◆ EXERCISE AIM:
Omit all pictures and give the records below again exactly as written.

Records from a data collection
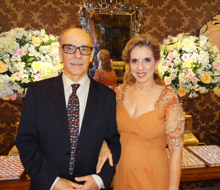 Depois Renata Rocha e Alexandre de Sá Pereira, assim os convidados, se deslocaram da Ordem Terceira de São Francisco para a Villa Ponte d’Uchoa, para os cumprimentos. A decoração de Tita Medeiros estava bonita. No foyer caiam do teto arranjos suspensos, tipos guirlandas de rosas e hortências. Na extensão do salão uma cortina de lustres davam um toque todo especial. Sobre as mesas repousavam arranjos em jarras de vidros e castiçais com quatro velas brancas.
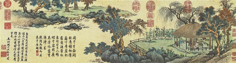 沈周(1427—1509),字启南,号石田,晚号白石翁,明代绘画大师、书法家,江苏苏州人。沈周的绘画弘扬了文人画的传统,将诗书画进一步结合起来。早年多作小幅,40岁以后始作大幅;中年画法严谨细秀,用笔沉着劲练,以骨力胜;晚岁笔墨浑厚,线条老辣,意境深远。《盆菊幽赏图》,纸本设色,纵23.4厘米,横86厘米,画面中杂树数株,枝叶茂盛,垂柳摇曳,有的树叶已经变成黄红色,表现的是金秋时节,秋高气爽。茂树掩映一座草亭,四周以栅栏隔成庭院,院里置若干盆菊花,盛开怒放,争奇斗艳。亭内三位雅士围坐在一张桌子前,饮酒赏菊,意态悠闲,一童子持壶侍立。草亭周围块块岩石分布得体,庭院中小草点缀其间盎然生趣。对岸沙洲芳草萋萋,林木葱郁,景致优美。
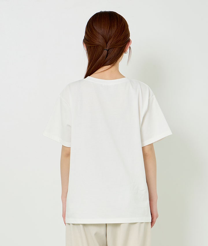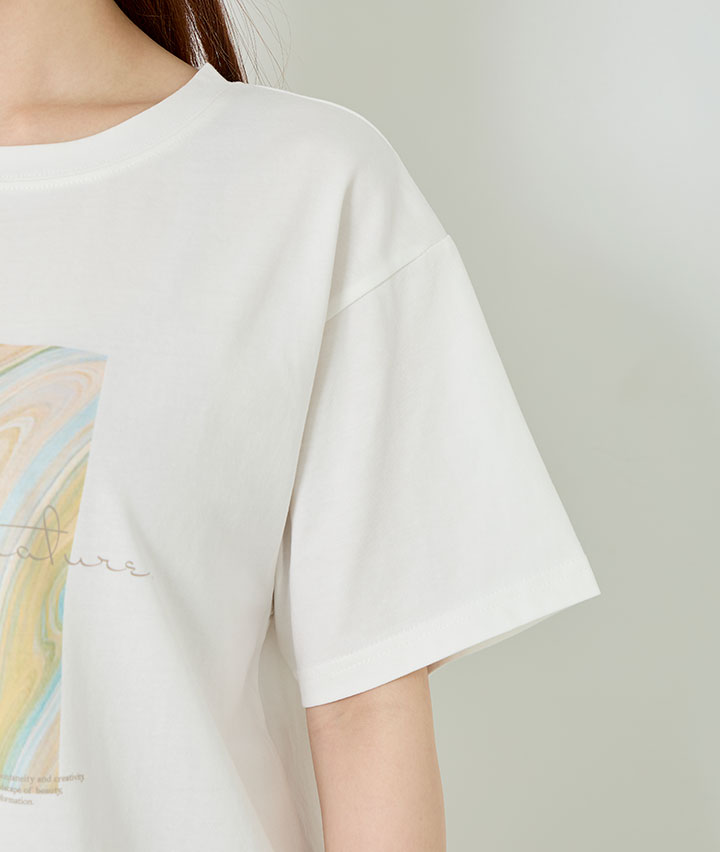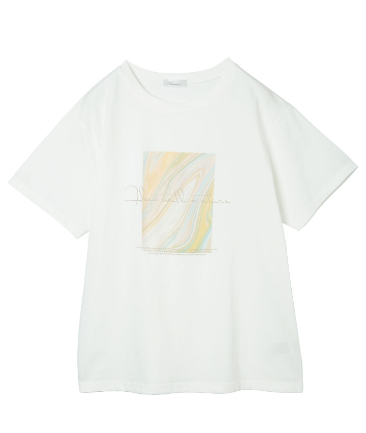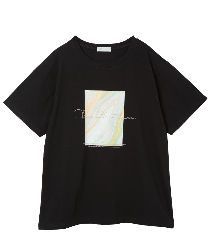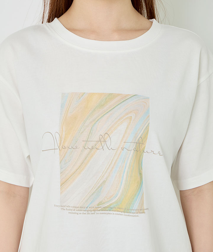 ・フロントにマーブル柄をプリントしたTシャツです。ゆとりのあるサイズ感で着用しやすいです。
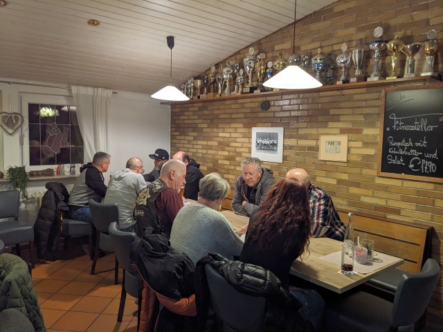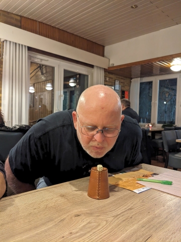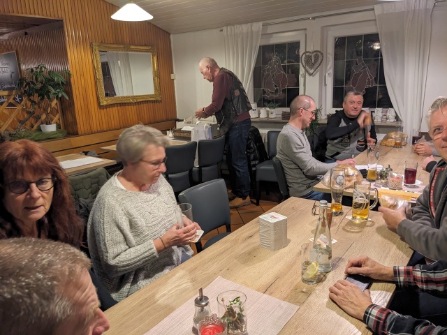 Leider nahmen dieses Jahr weniger Member teil als letztes Jahr - Wetterbedingt? Nobs musste kurzfristig als Organisator fungieren, hatte aber alles gut vorbereitet. Es fehlt an nichts - Würfel, Bierdeckel, die Mutscheln, Lose, gute Laune - alles vorhanden. Aufgrund des Losentscheids wurden drei Gruppen gebildet. Wir verteilten uns auf die Tische und los gings. Vor allem beim "Mäxle" spielte manch einer volles Risiko und versuchte ja nicht rot werden beim schwindeln. Beim Würfeln feuerte man die an, die gerade vorne waren und bedauerte die, die nicht so viel Glück hatten. Jedem Gewinner einer Runde wurde stolz die Mutschel überreicht.
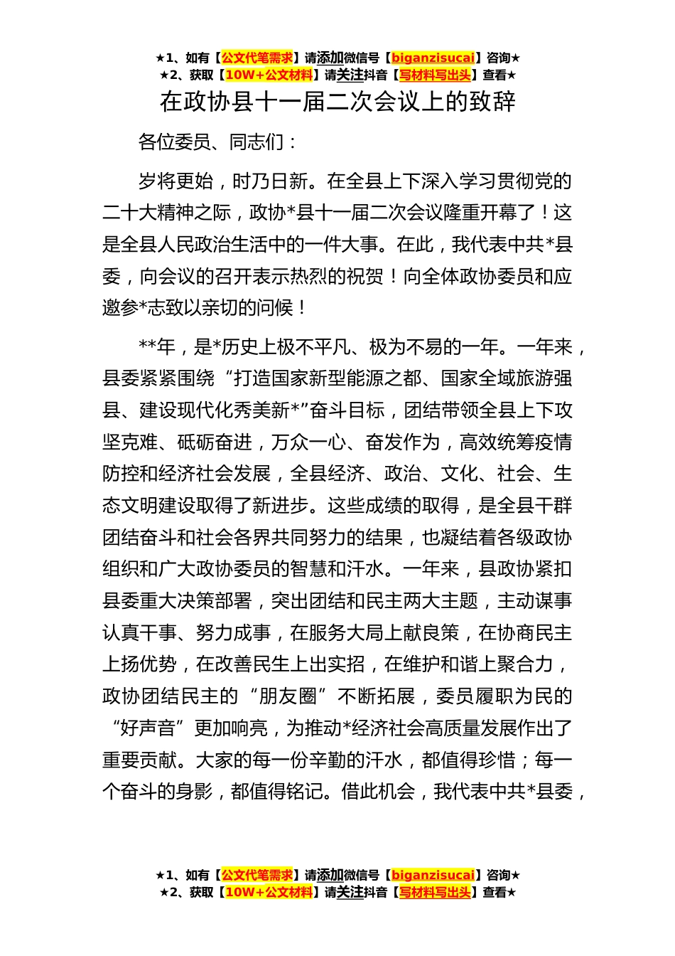 ★1、如有【公文代笔需求】请添加微信号【biganzisucai】咨询★★2、获取【10W+公文材料】请关注抖音【写材料写出头】查看★★1、如有【公文代笔需求】请添加微信号【biganzisucai】咨询★★2、获取【10W+公文材料】请关注抖音【写材料写出头】查看★★1、如有【公文代笔需求】请添加微信号【biganzisucai】咨询★★2、获取【10W+公文材料】请关注抖音【写材料写出头】查看★在政协县十一届二次会议上的致辞各位委员、同志们:岁将更始,时乃日新。在全县上下深入学习贯彻党的二十大精神之际,政协*县十一届二次会议隆重开幕了!这是全县人民政治生活中的一件大事。在此,我代表中共*县委,向会议的召开表示热烈的祝贺!向全体政协委员和应邀参*志致以亲切的问候!**年,是*历史上极不平凡、极为不易的一年。一年...
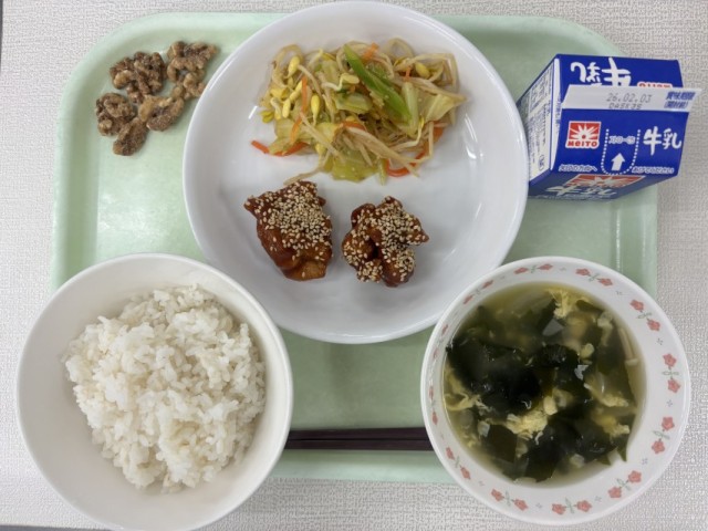 今日の給食 1月27日 公開日 2026/02/05 更新日 2026/02/05 給食 牛乳、麦ごはん、ヤンニョムチキン、豆もやしのナムル、わかめスープ、黒糖くるみ【学校給食週間 韓国料理】 今日は、韓国料理のヤンニョムチキンです。衣をつけて揚げた唐揚げに甘辛いタレを絡めました。韓国の伝統菓子には「くるみ饅頭」があります。今日は、くるみを使った甘いデザートを給食で作りました。
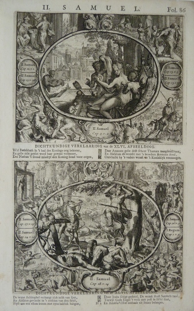 Serie 'Alle Voornaemste Historien .. Testaments': Dood van Absalom (2 Sam.18:14)
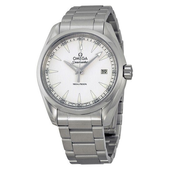 علبة من الفولاذ المقاوم للصدأ مع سوار من الفولاذ المقاوم للصدأ. إطار ثابت من الفولاذ المقاوم للصدأ. ميناء فضي مزخرف بنقش غيوشيه مع عقارب ومؤشرات ساعات فضية مضيئة. مؤشرات دقائق حول الحافة الخارجية. نوع الميناء: تناظري. عقارب ومؤشرات مضيئة. عرض التاريخ عند موضع الساعة 3. حركة كوارتز. زجاج ياقوت مقاوم للخدش. تاج لولبي. غطاء خلفي صلب. قطر العلبة: 38.5 مم. سمكها: 11 مم. شكلها دائري. عرض السوار: 18 مم. مشبك قابل للطي بزر ضغط. مقاومة للماء حتى عمق 150 مترًا / 500 قدم. الوظائف: التاريخ، الساعة، الدقائق، الثواني. تصميم كاجوال. علامة الساعة: صناعة سويسرية. ساعة أوميغا سيماستر أكوا تيرا للرجال 23110396002001.
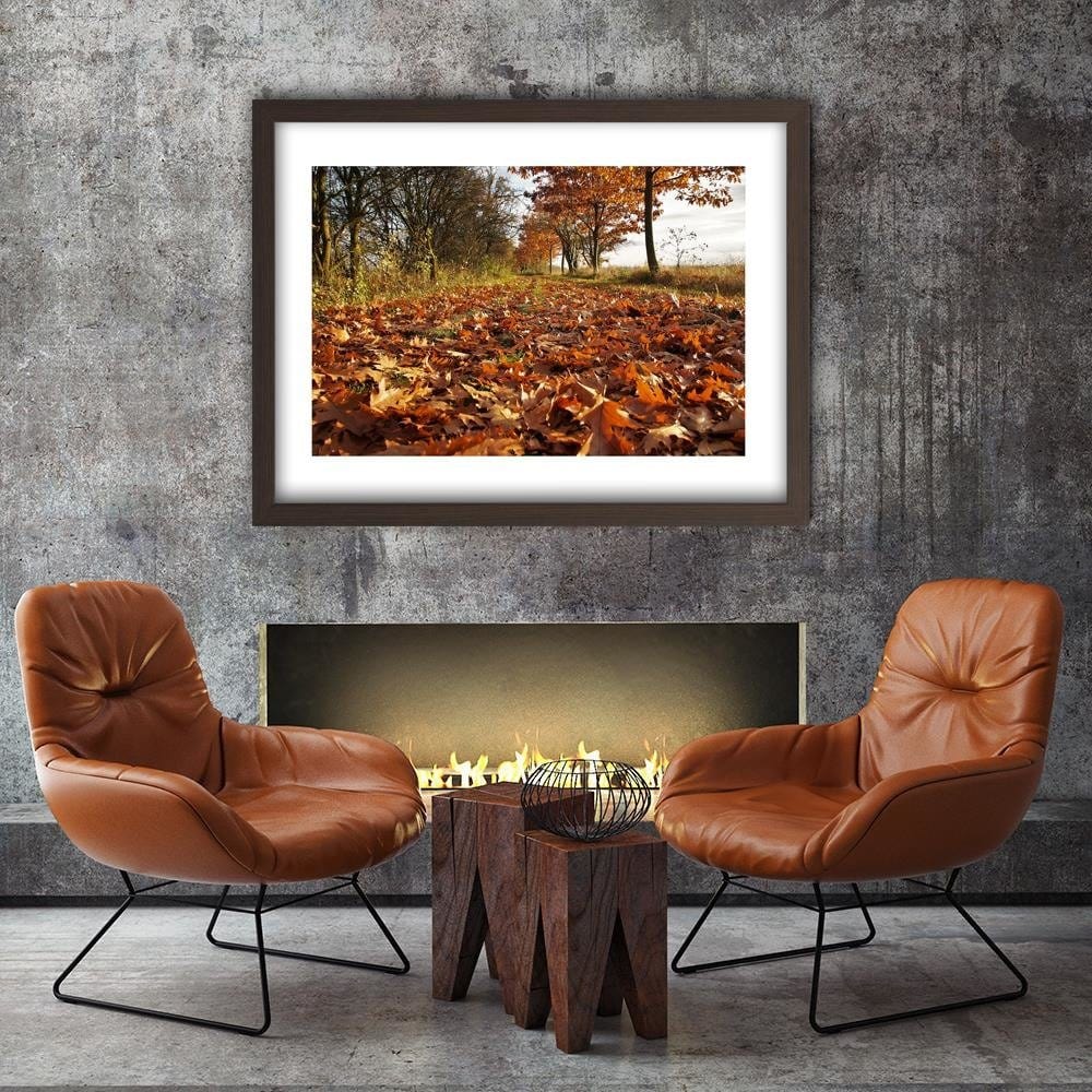 Glezna brūnā rāmī - Autumn Leaves On The Forest Road

◆ ANSWER TO THIS TASK:
 Depois Renata Rocha e Alexandre de Sá Pereira, assim os convidados, se deslocaram da Ordem Terceira de São Francisco para a Villa Ponte d’Uchoa, para os cumprimentos. A decoração de Tita Medeiros estava bonita. No foyer caiam do teto arranjos suspensos, tipos guirlandas de rosas e hortências. Na extensão do salão uma cortina de lustres davam um toque todo especial. Sobre as mesas repousavam arranjos em jarras de vidros e castiçais com quatro velas brancas.
 沈周(1427—1509),字启南,号石田,晚号白石翁,明代绘画大师、书法家,江苏苏州人。沈周的绘画弘扬了文人画的传统,将诗书画进一步结合起来。早年多作小幅,40岁以后始作大幅;中年画法严谨细秀,用笔沉着劲练,以骨力胜;晚岁笔墨浑厚,线条老辣,意境深远。《盆菊幽赏图》,纸本设色,纵23.4厘米,横86厘米,画面中杂树数株,枝叶茂盛,垂柳摇曳,有的树叶已经变成黄红色,表现的是金秋时节,秋高气爽。茂树掩映一座草亭,四周以栅栏隔成庭院,院里置若干盆菊花,盛开怒放,争奇斗艳。亭内三位雅士围坐在一张桌子前,饮酒赏菊,意态悠闲,一童子持壶侍立。草亭周围块块岩石分布得体,庭院中小草点缀其间盎然生趣。对岸沙洲芳草萋萋,林木葱郁,景致优美。
 ・フロントにマーブル柄をプリントしたTシャツです。ゆとりのあるサイズ感で着用しやすいです。
 Leider nahmen dieses Jahr weniger Member teil als letztes Jahr - Wetterbedingt? Nobs musste kurzfristig als Organisator fungieren, hatte aber alles gut vorbereitet. Es fehlt an nichts - Würfel, Bierdeckel, die Mutscheln, Lose, gute Laune - alles vorhanden. Aufgrund des Losentscheids wurden drei Gruppen gebildet. Wir verteilten uns auf die Tische und los gings. Vor allem beim "Mäxle" spielte manch einer volles Risiko und versuchte ja nicht rot werden beim schwindeln. Beim Würfeln feuerte man die an, die gerade vorne waren und bedauerte die, die nicht so viel Glück hatten. Jedem Gewinner einer Runde wurde stolz die Mutschel überreicht.
 ★1、如有【公文代笔需求】请添加微信号【biganzisucai】咨询★★2、获取【10W+公文材料】请关注抖音【写材料写出头】查看★★1、如有【公文代笔需求】请添加微信号【biganzisucai】咨询★★2、获取【10W+公文材料】请关注抖音【写材料写出头】查看★★1、如有【公文代笔需求】请添加微信号【biganzisucai】咨询★★2、获取【10W+公文材料】请关注抖音【写材料写出头】查看★在政协县十一届二次会议上的致辞各位委员、同志们:岁将更始,时乃日新。在全县上下深入学习贯彻党的二十大精神之际,政协*县十一届二次会议隆重开幕了!这是全县人民政治生活中的一件大事。在此,我代表中共*县委,向会议的召开表示热烈的祝贺!向全体政协委员和应邀参*志致以亲切的问候!**年,是*历史上极不平凡、极为不易的一年。一年...
 今日の給食 1月27日 公開日 2026/02/05 更新日 2026/02/05 給食 牛乳、麦ごはん、ヤンニョムチキン、豆もやしのナムル、わかめスープ、黒糖くるみ【学校給食週間 韓国料理】 今日は、韓国料理のヤンニョムチキンです。衣をつけて揚げた唐揚げに甘辛いタレを絡めました。韓国の伝統菓子には「くるみ饅頭」があります。今日は、くるみを使った甘いデザートを給食で作りました。
 Serie 'Alle Voornaemste Historien .. Testaments': Dood van Absalom (2 Sam.18:14)
 علبة من الفولاذ المقاوم للصدأ مع سوار من الفولاذ المقاوم للصدأ. إطار ثابت من الفولاذ المقاوم للصدأ. ميناء فضي مزخرف بنقش غيوشيه مع عقارب ومؤشرات ساعات فضية مضيئة. مؤشرات دقائق حول الحافة الخارجية. نوع الميناء: تناظري. عقارب ومؤشرات مضيئة. عرض التاريخ عند موضع الساعة 3. حركة كوارتز. زجاج ياقوت مقاوم للخدش. تاج لولبي. غطاء خلفي صلب. قطر العلبة: 38.5 مم. سمكها: 11 مم. شكلها دائري. عرض السوار: 18 مم. مشبك قابل للطي بزر ضغط. مقاومة للماء حتى عمق 150 مترًا / 500 قدم. الوظائف: التاريخ، الساعة، الدقائق، الثواني. تصميم كاجوال. علامة الساعة: صناعة سويسرية. ساعة أوميغا سيماستر أكوا تيرا للرجال 23110396002001.
 Glezna brūnā rāmī - Autumn Leaves On The Forest Road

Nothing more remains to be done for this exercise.